[Assigned task]
Skip the pictures. Output only the lines below starting at the line with "尔思家床上电脑桌卧室小型实木" and ending at the line with "Ils étaient trois.", both ends included, exactly as they are.

[Available data]
---+---
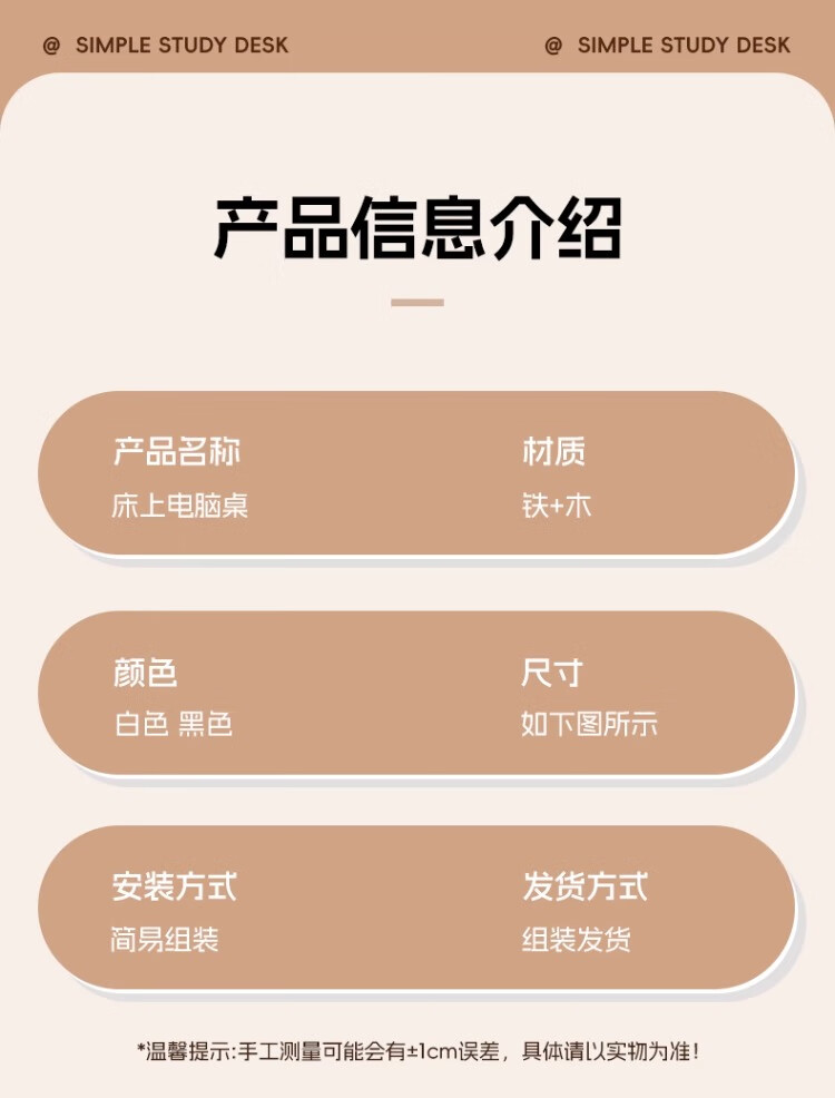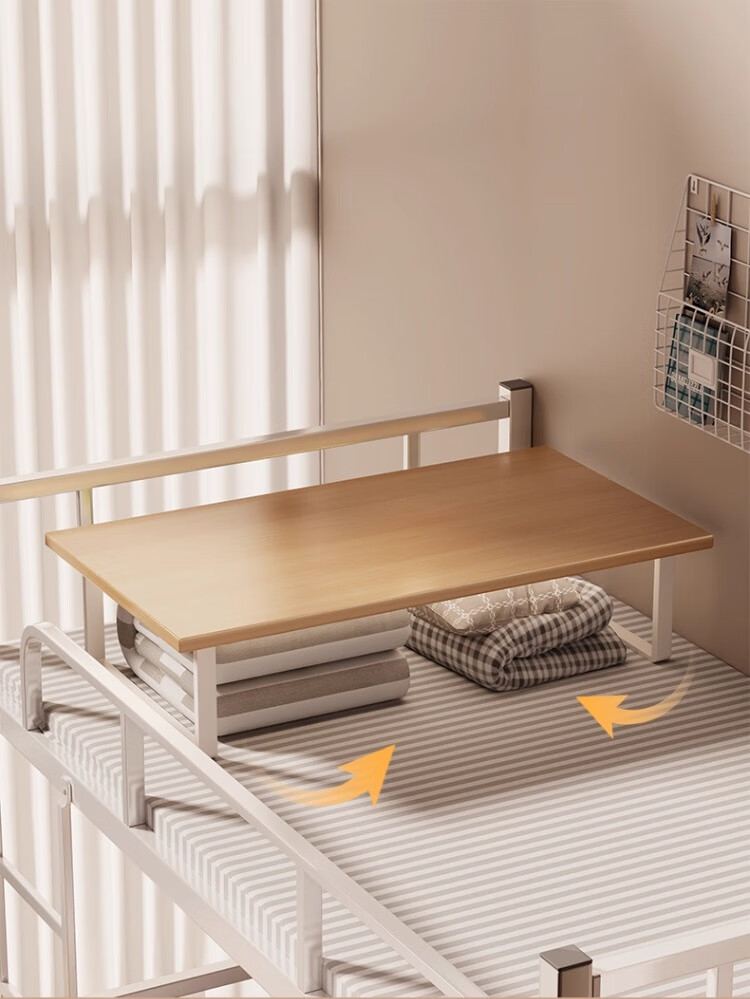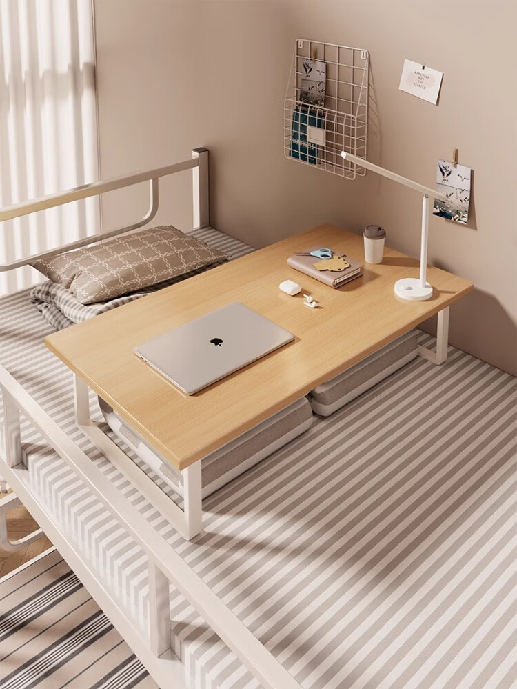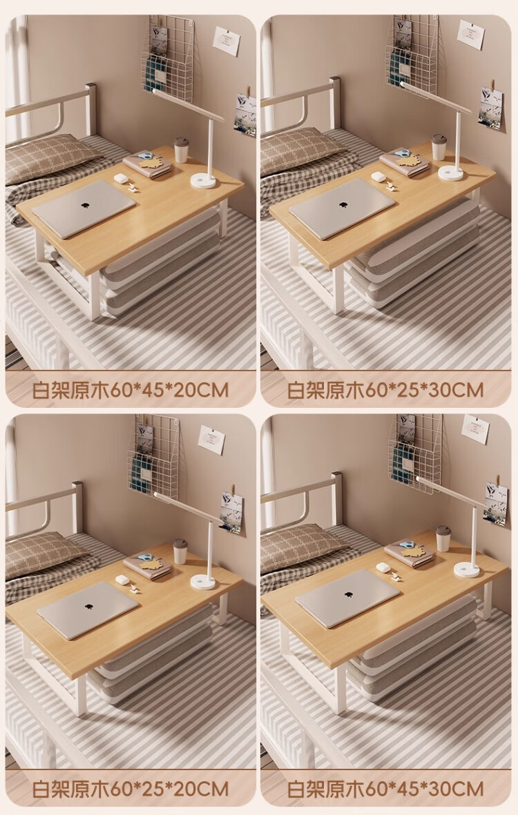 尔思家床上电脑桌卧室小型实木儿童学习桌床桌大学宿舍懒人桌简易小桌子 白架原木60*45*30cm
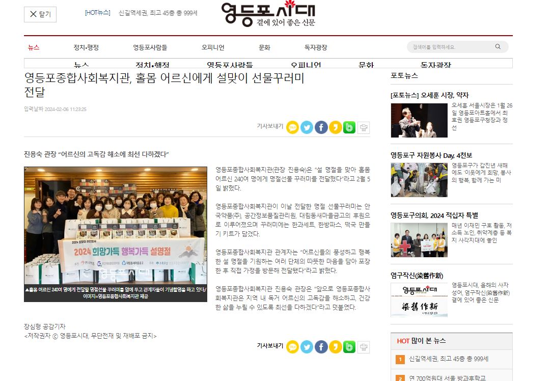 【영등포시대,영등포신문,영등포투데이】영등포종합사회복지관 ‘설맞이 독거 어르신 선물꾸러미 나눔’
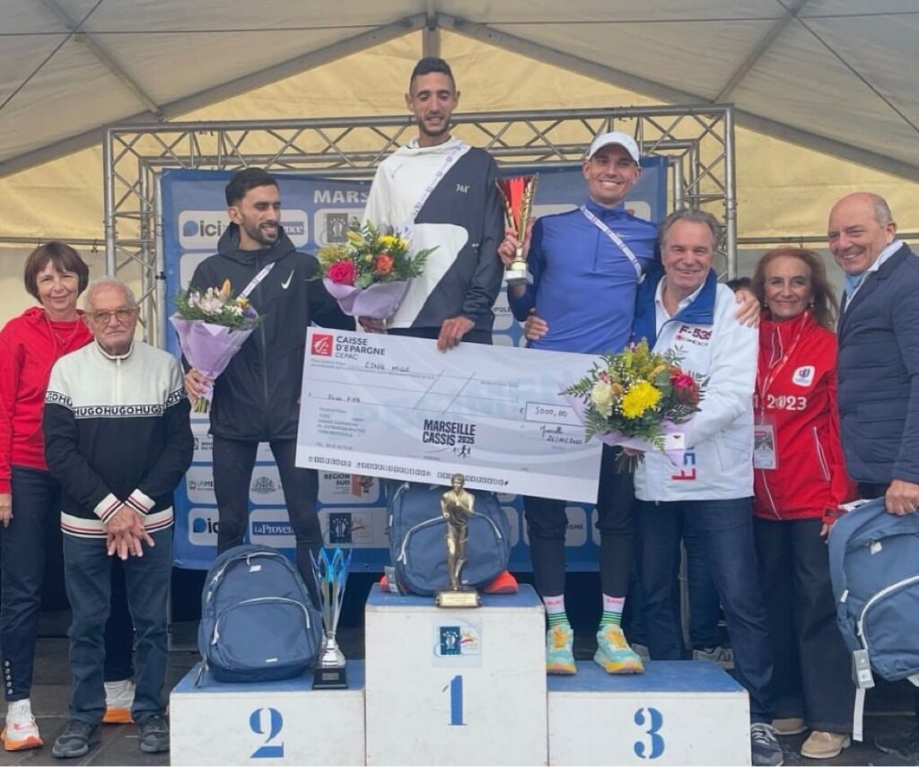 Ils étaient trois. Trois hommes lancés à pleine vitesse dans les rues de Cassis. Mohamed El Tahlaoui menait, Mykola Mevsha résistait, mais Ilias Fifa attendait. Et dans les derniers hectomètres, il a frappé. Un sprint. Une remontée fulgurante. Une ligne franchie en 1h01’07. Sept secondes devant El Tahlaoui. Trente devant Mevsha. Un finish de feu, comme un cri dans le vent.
---+---
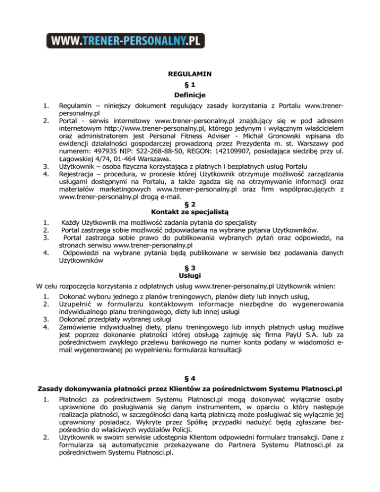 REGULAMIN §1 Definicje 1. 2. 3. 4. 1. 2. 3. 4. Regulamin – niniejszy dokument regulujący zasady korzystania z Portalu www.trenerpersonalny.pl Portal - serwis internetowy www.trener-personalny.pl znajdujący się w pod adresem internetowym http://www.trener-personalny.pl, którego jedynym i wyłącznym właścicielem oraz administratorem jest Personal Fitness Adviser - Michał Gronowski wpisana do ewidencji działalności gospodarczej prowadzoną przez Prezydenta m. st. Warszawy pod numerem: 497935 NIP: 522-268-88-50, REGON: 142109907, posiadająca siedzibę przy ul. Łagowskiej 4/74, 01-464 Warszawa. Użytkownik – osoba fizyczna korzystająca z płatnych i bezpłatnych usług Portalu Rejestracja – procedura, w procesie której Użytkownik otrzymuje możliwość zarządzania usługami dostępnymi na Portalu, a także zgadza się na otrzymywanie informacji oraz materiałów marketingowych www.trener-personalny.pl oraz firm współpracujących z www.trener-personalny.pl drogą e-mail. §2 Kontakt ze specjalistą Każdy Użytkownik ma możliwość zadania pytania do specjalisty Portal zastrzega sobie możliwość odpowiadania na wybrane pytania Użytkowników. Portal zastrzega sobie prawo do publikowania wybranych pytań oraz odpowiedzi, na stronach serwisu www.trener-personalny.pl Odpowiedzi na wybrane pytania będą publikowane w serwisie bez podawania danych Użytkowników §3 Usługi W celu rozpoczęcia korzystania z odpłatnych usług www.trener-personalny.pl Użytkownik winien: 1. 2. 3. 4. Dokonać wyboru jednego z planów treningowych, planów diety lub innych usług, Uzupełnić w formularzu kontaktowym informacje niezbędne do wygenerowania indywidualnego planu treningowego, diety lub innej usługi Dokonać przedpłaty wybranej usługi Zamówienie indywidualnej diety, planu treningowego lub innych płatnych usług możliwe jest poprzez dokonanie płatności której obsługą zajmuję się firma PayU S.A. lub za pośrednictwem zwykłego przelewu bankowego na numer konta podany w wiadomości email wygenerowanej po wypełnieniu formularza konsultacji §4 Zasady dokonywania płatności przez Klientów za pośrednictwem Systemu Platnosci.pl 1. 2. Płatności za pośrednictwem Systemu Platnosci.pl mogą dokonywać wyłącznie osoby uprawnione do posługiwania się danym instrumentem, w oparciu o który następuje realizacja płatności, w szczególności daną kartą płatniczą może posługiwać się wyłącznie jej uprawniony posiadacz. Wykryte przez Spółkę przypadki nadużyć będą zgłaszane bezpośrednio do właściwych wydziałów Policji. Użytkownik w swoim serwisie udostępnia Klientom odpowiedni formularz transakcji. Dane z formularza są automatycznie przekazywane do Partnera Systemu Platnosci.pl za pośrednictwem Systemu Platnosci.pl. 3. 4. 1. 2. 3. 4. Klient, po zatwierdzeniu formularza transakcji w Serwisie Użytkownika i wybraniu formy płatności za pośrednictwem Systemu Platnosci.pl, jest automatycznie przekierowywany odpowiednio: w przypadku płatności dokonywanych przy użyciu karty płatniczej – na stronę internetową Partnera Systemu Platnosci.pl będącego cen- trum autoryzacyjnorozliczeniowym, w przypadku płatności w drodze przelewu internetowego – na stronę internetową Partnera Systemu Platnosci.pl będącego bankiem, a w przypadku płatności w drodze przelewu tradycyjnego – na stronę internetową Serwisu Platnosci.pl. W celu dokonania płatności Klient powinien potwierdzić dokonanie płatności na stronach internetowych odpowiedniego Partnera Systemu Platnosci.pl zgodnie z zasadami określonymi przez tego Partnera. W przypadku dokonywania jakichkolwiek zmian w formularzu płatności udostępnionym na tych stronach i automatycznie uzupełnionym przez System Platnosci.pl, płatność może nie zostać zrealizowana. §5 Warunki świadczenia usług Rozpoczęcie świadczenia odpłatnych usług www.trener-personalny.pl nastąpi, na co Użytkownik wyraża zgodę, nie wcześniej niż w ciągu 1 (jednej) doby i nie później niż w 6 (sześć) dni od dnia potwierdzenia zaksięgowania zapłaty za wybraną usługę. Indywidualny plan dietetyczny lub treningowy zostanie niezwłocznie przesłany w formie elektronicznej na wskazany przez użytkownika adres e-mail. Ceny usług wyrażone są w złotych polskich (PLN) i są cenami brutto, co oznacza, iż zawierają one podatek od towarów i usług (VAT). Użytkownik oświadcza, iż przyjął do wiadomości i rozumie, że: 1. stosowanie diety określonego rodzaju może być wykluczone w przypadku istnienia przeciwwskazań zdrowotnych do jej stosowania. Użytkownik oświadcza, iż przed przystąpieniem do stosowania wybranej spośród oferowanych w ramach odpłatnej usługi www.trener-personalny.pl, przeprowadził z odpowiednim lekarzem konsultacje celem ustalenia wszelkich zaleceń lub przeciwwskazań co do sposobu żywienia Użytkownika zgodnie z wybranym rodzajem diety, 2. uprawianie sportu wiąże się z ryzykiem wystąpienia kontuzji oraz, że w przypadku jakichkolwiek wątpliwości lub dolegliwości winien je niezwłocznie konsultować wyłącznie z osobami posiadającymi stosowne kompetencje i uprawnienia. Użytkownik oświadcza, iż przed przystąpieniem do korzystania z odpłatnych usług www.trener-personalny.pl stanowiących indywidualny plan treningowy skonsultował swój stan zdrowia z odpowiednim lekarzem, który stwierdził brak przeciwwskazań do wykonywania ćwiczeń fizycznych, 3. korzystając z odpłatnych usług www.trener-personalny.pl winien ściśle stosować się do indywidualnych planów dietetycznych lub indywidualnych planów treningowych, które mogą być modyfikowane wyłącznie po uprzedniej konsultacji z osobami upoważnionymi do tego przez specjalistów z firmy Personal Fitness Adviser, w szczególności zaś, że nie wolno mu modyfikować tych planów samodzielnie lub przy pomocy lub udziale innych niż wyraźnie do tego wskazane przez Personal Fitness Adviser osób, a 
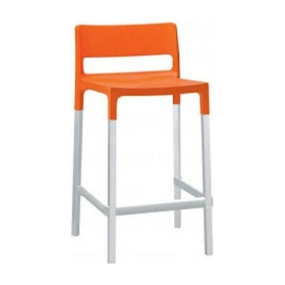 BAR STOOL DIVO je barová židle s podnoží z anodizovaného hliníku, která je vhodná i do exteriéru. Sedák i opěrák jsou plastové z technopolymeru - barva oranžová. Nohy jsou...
---+---
[Task output]
 尔思家床上电脑桌卧室小型实木儿童学习桌床桌大学宿舍懒人桌简易小桌子 白架原木60*45*30cm
 【영등포시대,영등포신문,영등포투데이】영등포종합사회복지관 ‘설맞이 독거 어르신 선물꾸러미 나눔’
 Ils étaient trois. Trois hommes lancés à pleine vitesse dans les rues de Cassis. Mohamed El Tahlaoui menait, Mykola Mevsha résistait, mais Ilias Fifa attendait. Et dans les derniers hectomètres, il a frappé. Un sprint. Une remontée fulgurante. Une ligne franchie en 1h01’07. Sept secondes devant El Tahlaoui. Trente devant Mevsha. Un finish de feu, comme un cri dans le vent.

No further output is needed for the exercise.